The Representation of Time for Motor Learning

We have identified factors that control precise motor timing by studying learning in smooth pursuit eye movements. Monkeys tracked a target that moved horizontally for a fixed time interval before changing direction through the addition of a vertical component of motion. After repeated presentations of the same target trajectory, infrequent probe trials of purely horizontal target motion evoked a vertical eye movement around the time when the change in target direction would have occurred. The pursuit system timed the vertical eye movement by keeping track of the duration of horizontal target motion and by measuring the distance the target traveled before changing direction, but not by learning the position in space where the target changed direction. We conclude that high temporal precision in motor output relies on multiple signals whose contributions to timing vary according to task requirements.

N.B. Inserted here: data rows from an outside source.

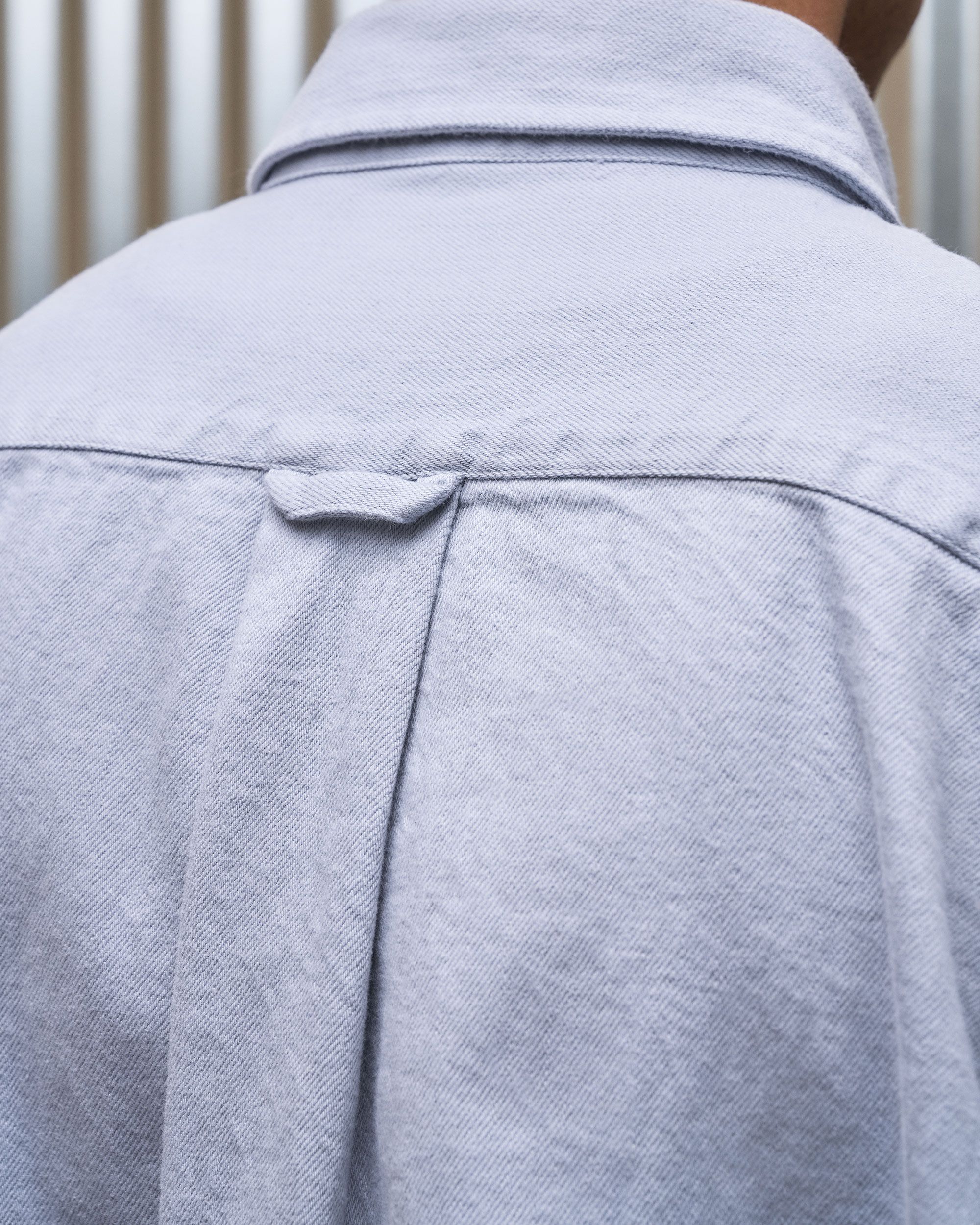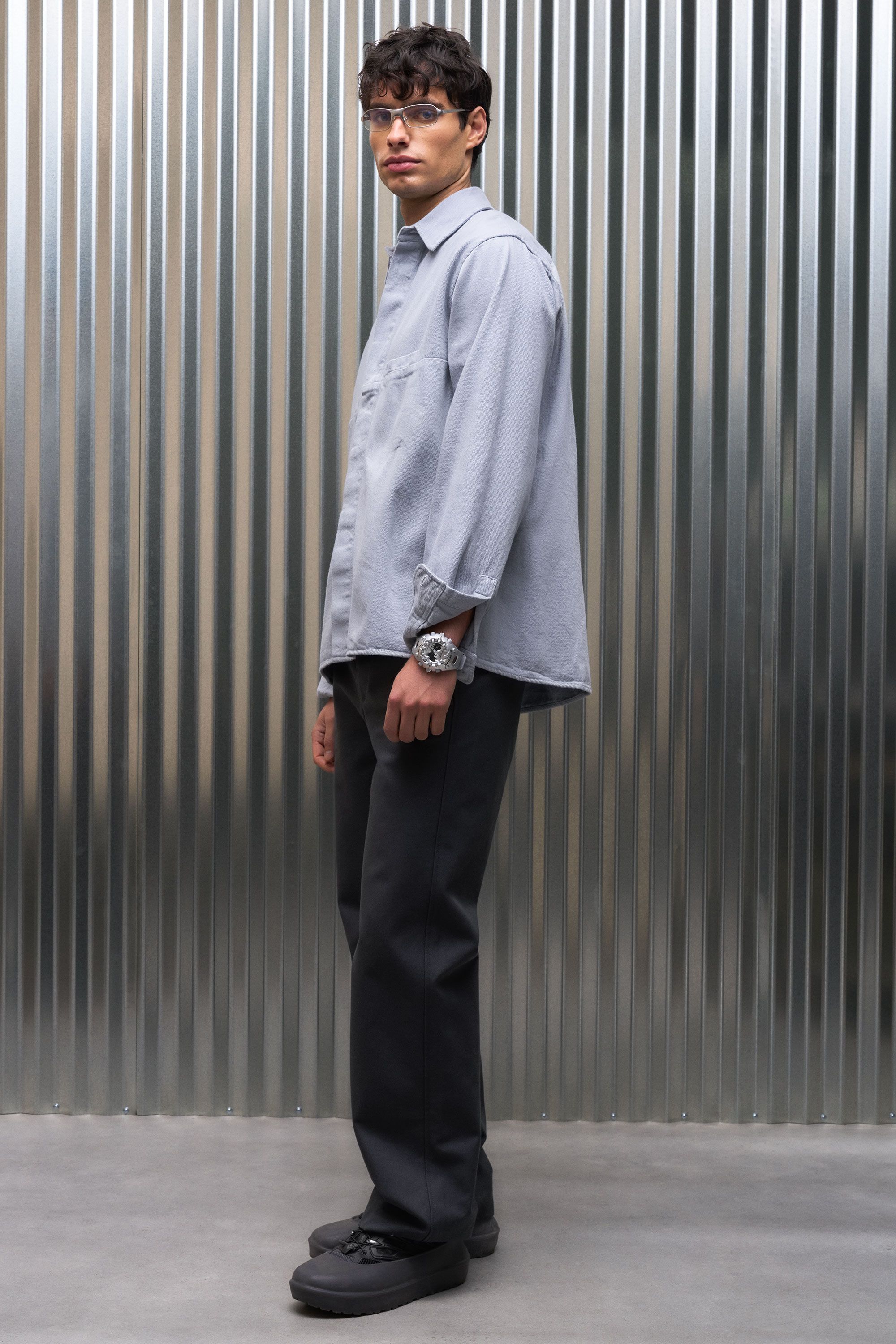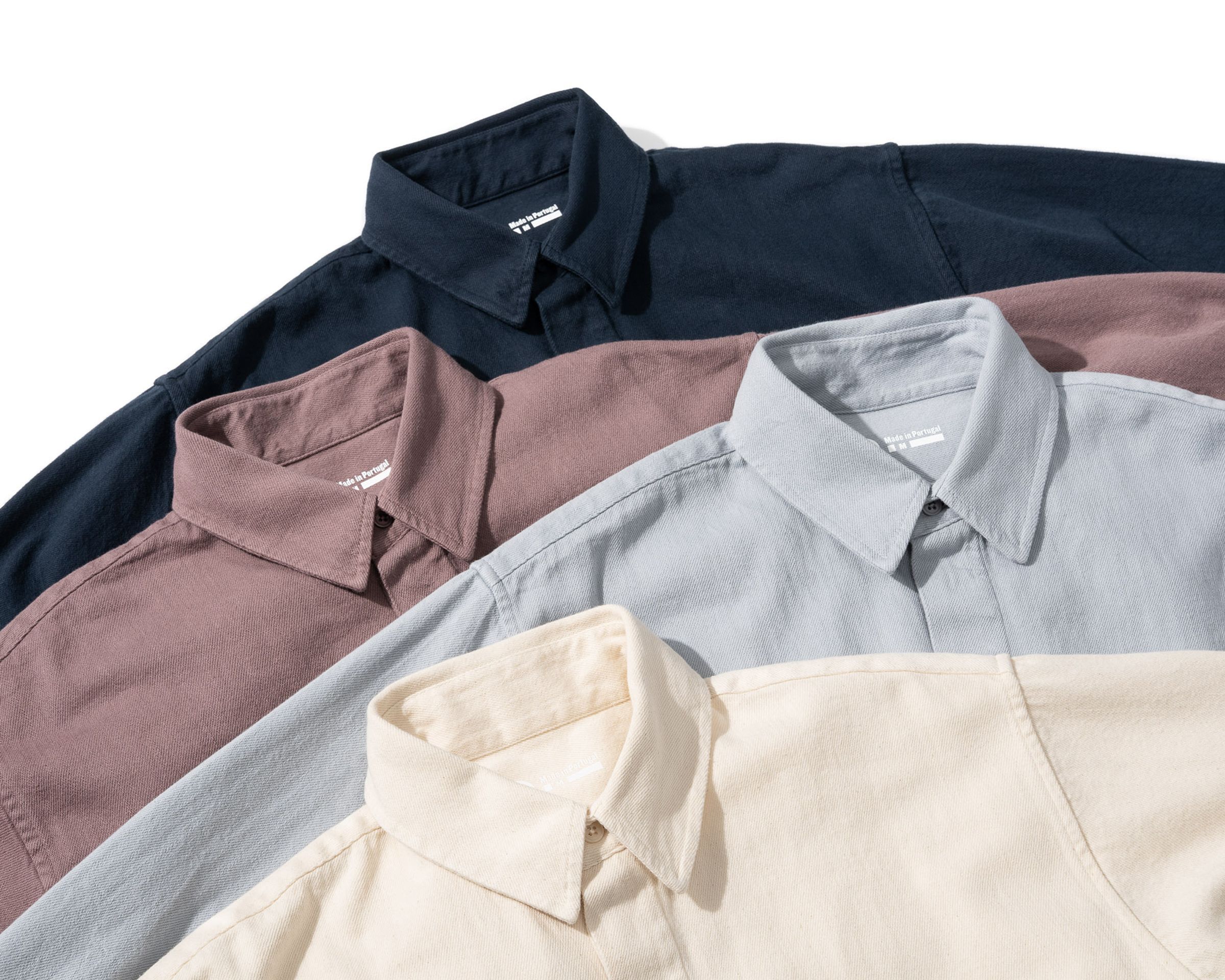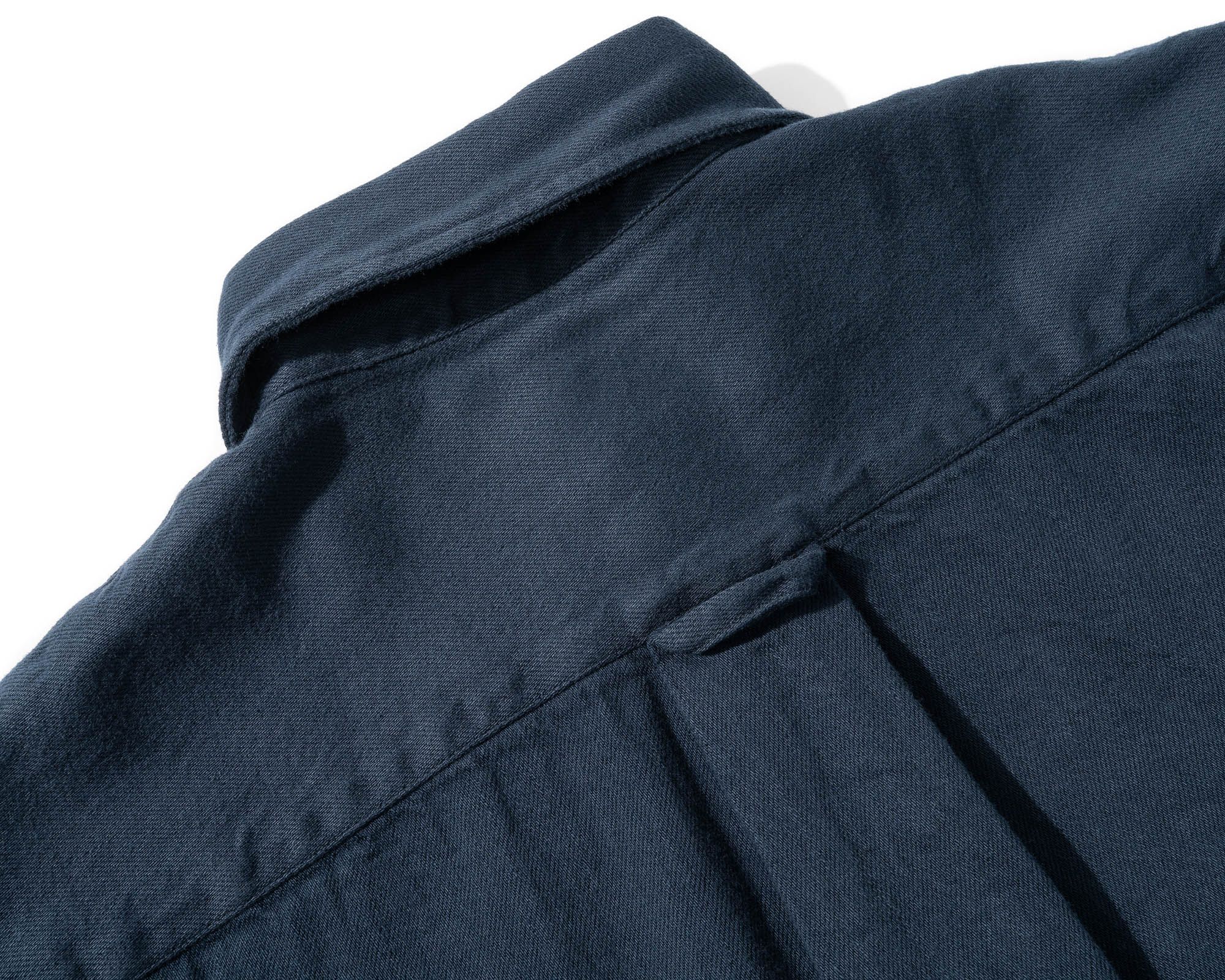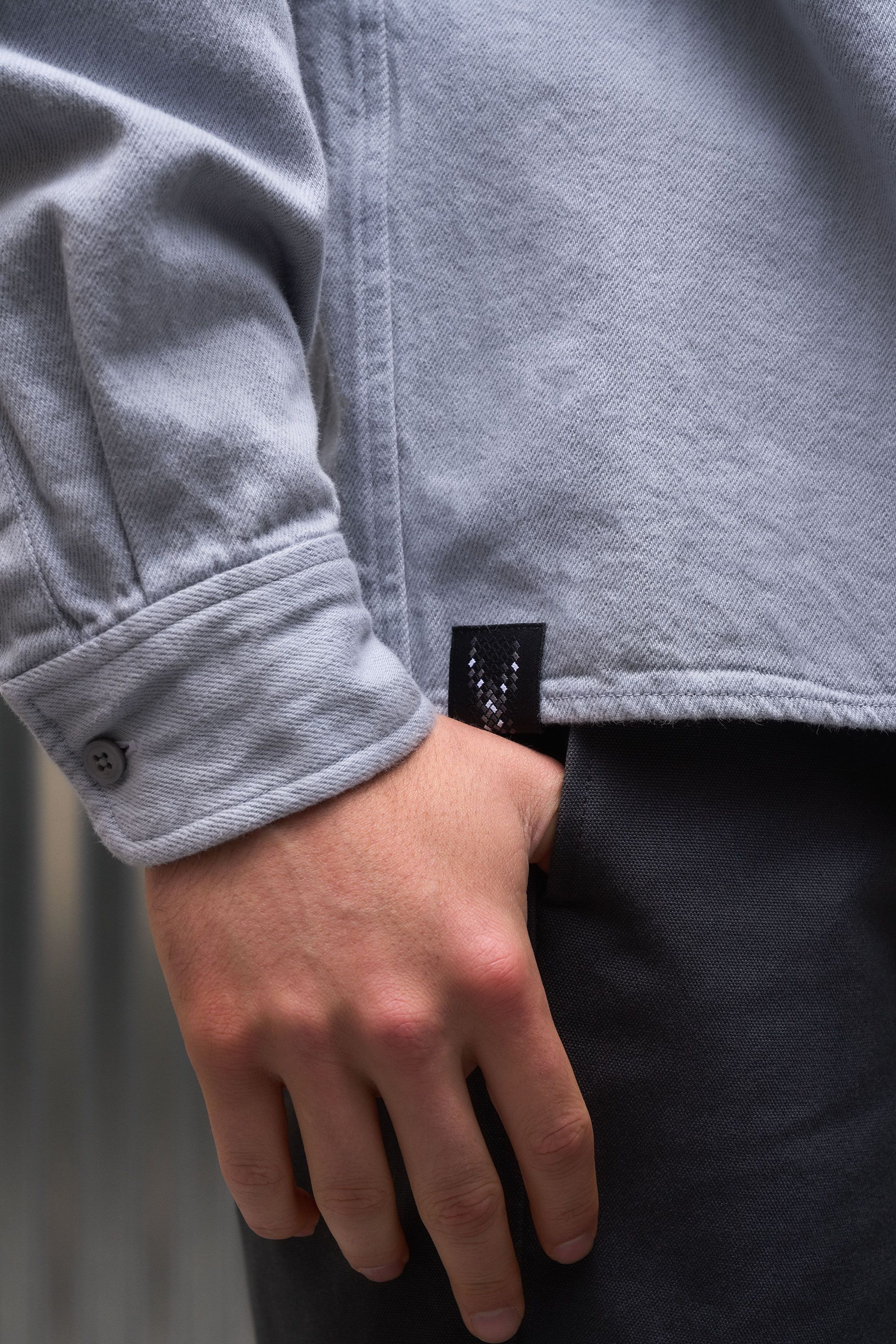 A simple heavyweight and garment dyed overshirt with a split chest construction. Features two low slung and set-in chest pockets and a hidden placket fr…
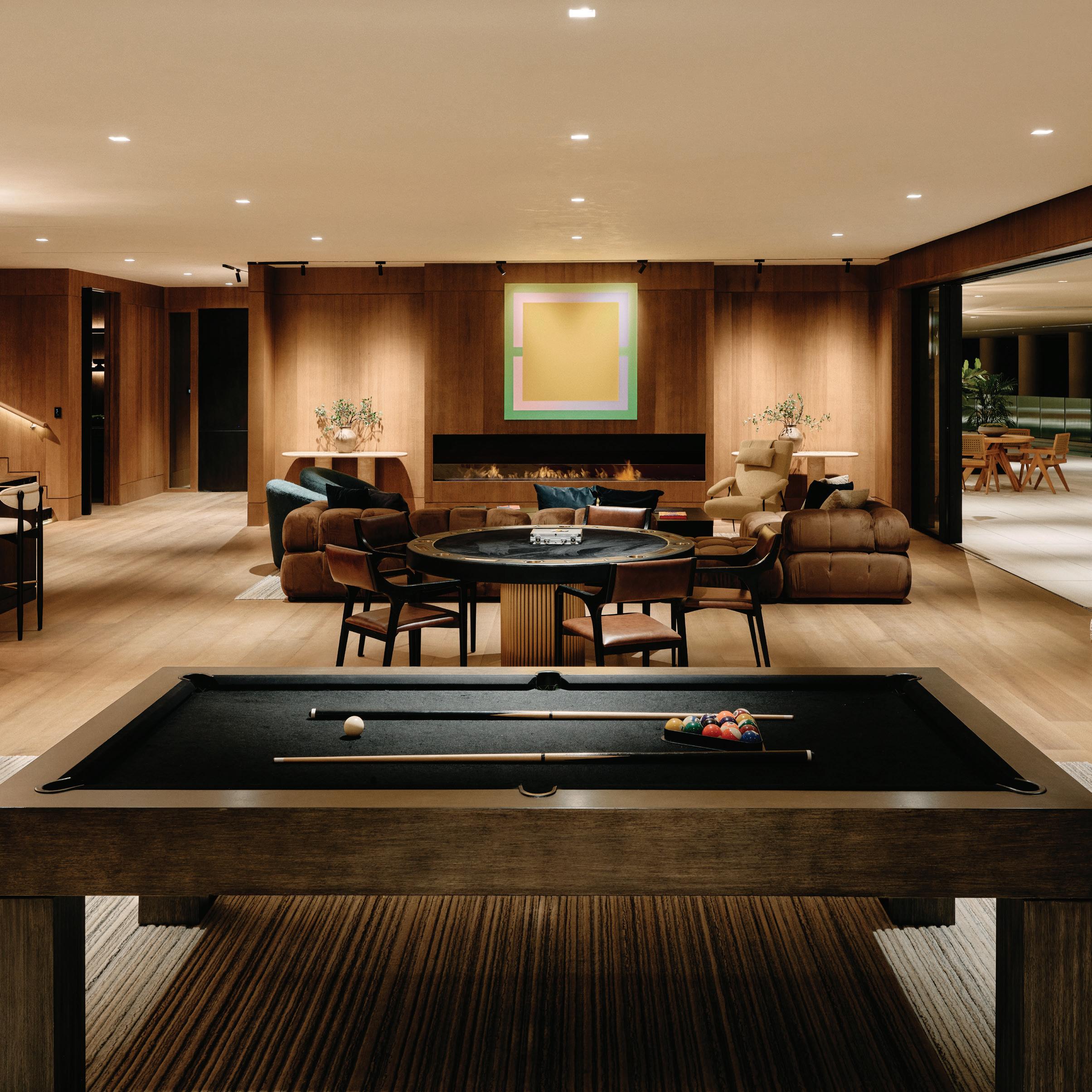 The space presents an indoor-outdoor gym with space for a weightlifting room, Pilates studio, and an open-air cardio area. Just outside is a 100-foot, two-lane lap pool with lounge chairs, an 8-foot-deep cold plunge that could fit up to 10 people and an infrared sauna with space for yoga. The designated spa boasts natural limestone and heated floors, steam room with shower, as well as a double-sink hair salon.
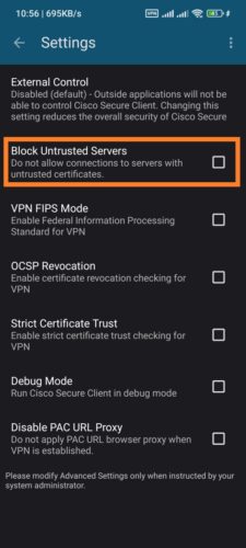 و سپس تیک گزینه Block Connections To Untrusted Servers را بردارید پنجره را بردارید.
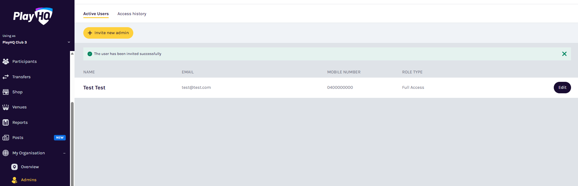 If you invite someone who is already an administrator for another organisation in PlayHQ:
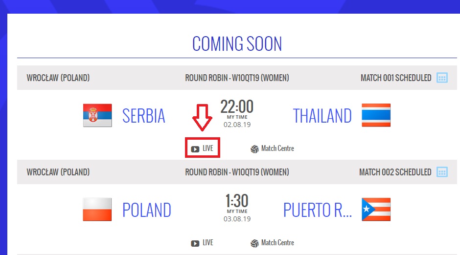 ไปหามาให้แล้ว จะมีไลฟ์ในเวลาที่แข่งขัน แนะนำว่าให้หาโปรแกรมเปลี่ยน VPN สำรองไว้ล่วงหน้า เผื่อ FIVB ปิดกั้นประเทศไทย
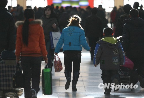 1月21日,一對母子在北京站準(zhǔn)備上車。北京鐵路局根據(jù)北京地區(qū)客流特點宣布,從1月20日起北京鐵路運輸部門進入春運狀態(tài),這比全國春運提前了10天,春運將一直持續(xù)到3月10日。 中新社發(fā) 蘇丹 攝
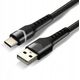 Πλεκτό καλώδιο USB -> USB-C 2m 3A RGB LED μαύρο
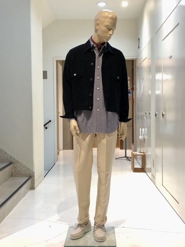 今回のブルゾンのメリットの1つに、デニムシャツまたはジーンズを合わせる事ができる点が挙げられます。とか言って合わせていないのですが、適度にゆとりのあるコットンチノやジーンズ、 ウールパンツも許容するスエードブルゾン。お勧めです。
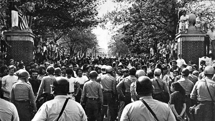 Kent State: On April 30, 1970, President Nixon announced the expansion of the Vietnam War into Cambodia. On May 1, protests on some 900 college campuses and in cities throughout the U.S. began. The strike increased significantly after the shooting of students at Kent State University by National Guardsmen on May 4. While many violent incidents occurred during the protests, they were, for the most part, peaceful. Due to a resurgence of anti-war protests on campuses (last major protests were in 1968), final exams were curtailed at Columbia and many universities throughout the US.
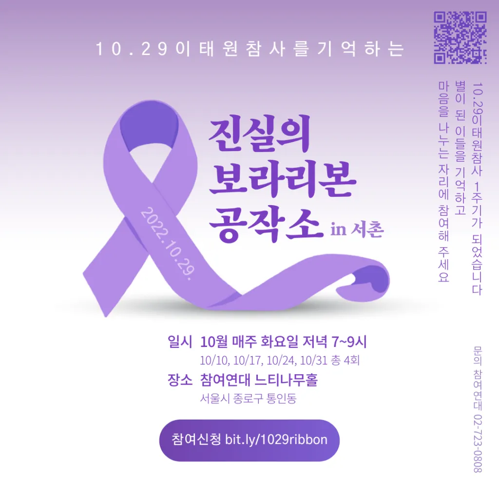 진실의 보라리본을 함께 만드는 보라리본공작소를 10월 한달간 운영합니다.
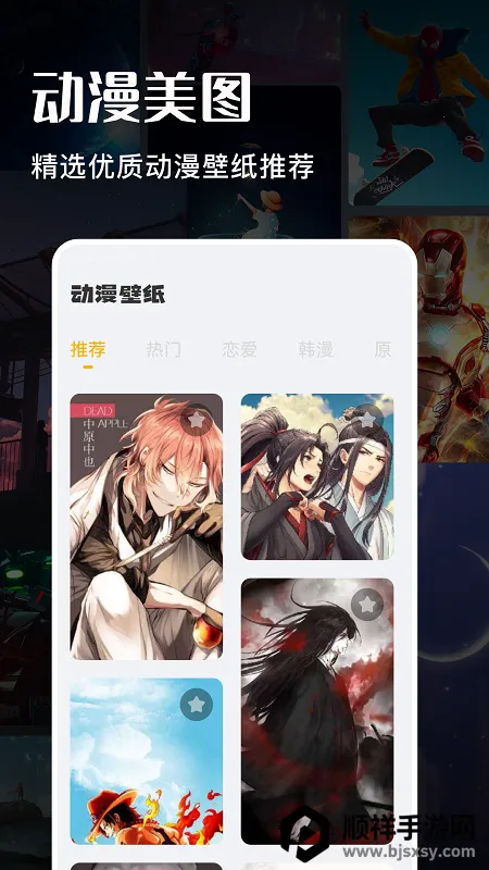 游戏动漫壁纸app是实用手机壁纸软件,汇集海量高清壁纸,涵盖游戏动漫、风景动物等丰富类型,免费使用、每日更新。有最新推荐、专题图集等功能,操作简单,支持分享,能让手机屏幕更精彩。

Encoding and Decoding of Learned Smooth-Pursuit Eye Movements in the Floccular Complex of the Monkey Cerebellum

We recorded the simple-spike (SS) firing of Purkinje cells (PCs) in the floccular complex both during normal pursuit caused by step-ramp target motions and after learning induced by a consistently timed change in the direction of target motion. The encoding of eye movement by the SS firing rate of individual PCs was described by a linear regression model, in which the firing rate is a sum of weighted components related to eye acceleration, velocity, and position. Although the model fit the data well for individual conditions, the regression coefficients for the learned component of firing often differed substantially from those for normal pursuit of step-ramp target motion. We suggest that the different encoding of learned versus normal pursuit responses in individual PCs reflects different amounts of learning in their inputs. The decoded output from the floccular complex, estimated by averaging responses across the population of PCs, also was fitted by the regression model. Regression coefficients were equal for the two conditions for on-direction pursuit, but differed for off-direction target motion. We conclude that the average output from the population of floccular PCs provides some, but not all, of the neural signals that drive the learned component of pursuit and that plasticity outside of the flocculus makes an important contribution.

The multiple roles of Purkinje cells in sensori-motor calibration: to predict, teach and command

Neurophysiological recordings in the cerebellar cortex of awake-behaving animals are revolutionizing the way we think about the role of Purkinje cells in sensori-motor calibration. Early theorists suggested that if a movement became miscalibrated, Purkinje cell output would be changed to adjust the motor command and restore good performance. The finding that Purkinje cell activity changed in many sensori-motor calibration tasks was taken as strong support for this hypothesis. Based on more recent data, however, it has been suggested that changes in Purkinje cell activity do not contribute to the motor command directly; instead, they are used either as a teaching signal, or to predict the altered kinematics of the movement after calibration has taken place. I will argue that these roles are not mutually exclusive, and that Purkinje cells may contribute to command generation, teaching, and prediction at different times during sensori-motor calibration.